I was still reading up the code to understand, but I thought that variable and bindings in pytype could represent expressions beyond a single variable. Would that be incorrect?

rchen152 commented 2 months ago

I thought that variable and bindings in pytype could represent expressions beyond a single variable.

That's correct, but figuring out which pytype variable(s) represent an expression you see in the code is not always easy. It might be useful to take a look at the implementation and tests for typing.TypeGuard to see what kinds of things we could and couldn't narrow there.

martindemello commented 2 months ago

it's also worth seeing if you can do something simpler and add a warning/error when skipping a block that nothing connects to (within run_frame in vm.py)

Solumin commented 2 months ago

I do have a very small concern about the user experience. We're only addressing a subset of unreachable code: that which is only unreachable due to typing.
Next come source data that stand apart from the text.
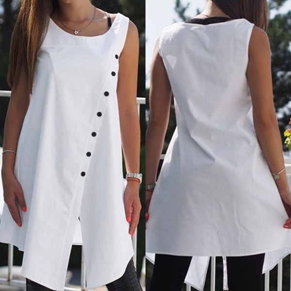 the slit hem design makes this piece look more attractive. Finished with sleeveless,round neck and
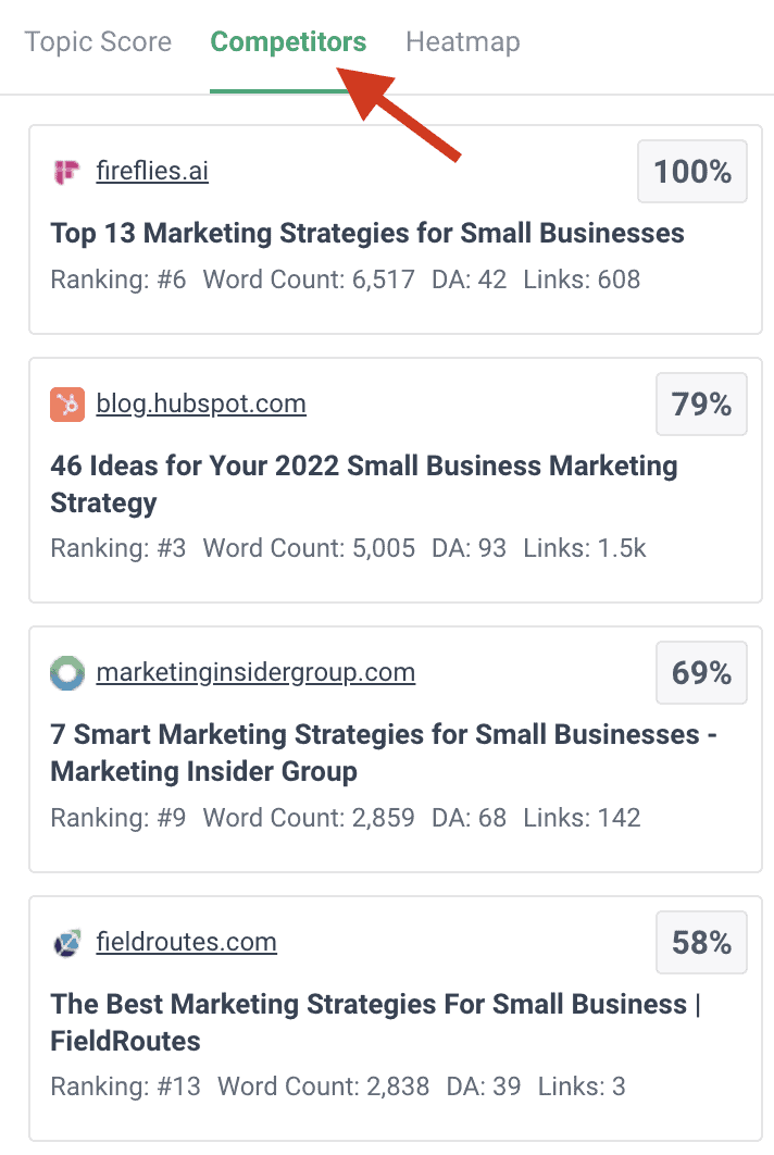 La segunda pestaña es la de Competitors. Con base en los competidores mejor posicionados, la herramienta indica cuánto debes mencionar una keyword para ubicarte entre los 5 mejores resultados.
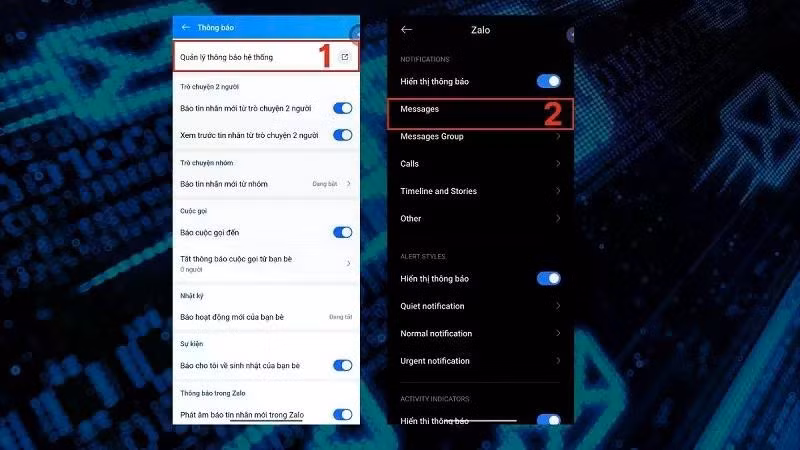 Bước 2: Sau đó, bạn bấm vào mục Quản lý thông báo hệ thống. Lúc này, bạn sẽ được trở về phần cài đặt ứng dụng Zalo trong điện thoại. Tại đó, bạn hãy nhấn vào mục Messages.
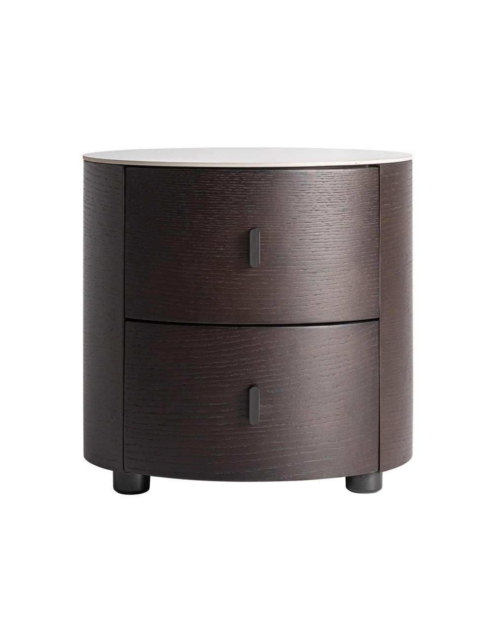 Mesita de noche renchen, en color marrón, de estilo art deco. Fabricado en madera contrachapada, combinado con piedra sinterizada.

There is also code that the Python compiler knows is unreachable --- trivially, things like if False: or if True: return --- which pytype will never see because the compiler never generates the unreachable bytecode.

Say there's some function like:

def trivially_unreachable():
  if True:
    return
  "str" + 1

If the user knows that pytype looks for type errors in unreachable code, but doesn't know the compiler elides unreachable code, they'll be confused why pytype isn't raising a type error.
If they don't know that pytype looks at unreachable code, they'll be confused when they change the if statement and pytype suddenly starts complaining about the type error.

I do think this is a very minor concern, but it might be worth considering how this will be communicated to users.

h-joo commented 2 months ago

I do have a very small concern about the user experience. We're only addressing a subset of unreachable code: that which is only unreachable due to typing. There is also code that the Python compiler knows is unreachable --- trivially, things like if False: or if True: return --- which pytype will never see because the compiler never generates the unreachable bytecode.

Say there's some function like:

def trivially_unreachable():
  if True:
    return
  "str" + 1

If the user knows that pytype looks for type errors in unreachable code, but doesn't know the compiler elides unreachable code, they'll be confused why pytype isn't raising a type error. If they don't know that pytype looks at unreachable code, they'll be confused when they change the if statement and pytype suddenly starts complaining about the type error.

I do think this is a very minor concern, but it might be worth considering how this will be communicated to users.

I actually didn't know that. My quickest solution may be looking at the source code of which the bytecode on certain lines were not generated to detect these cases, but I don't think I like it. And I've heard from somebody (maybe from Thomas or Sergei) that pytype does also look at the AST to fix up the misalignment in the source location of bytecode and its corresponding source code sometimes. Maybe the fact that pytype does it makes this quick solution not viable?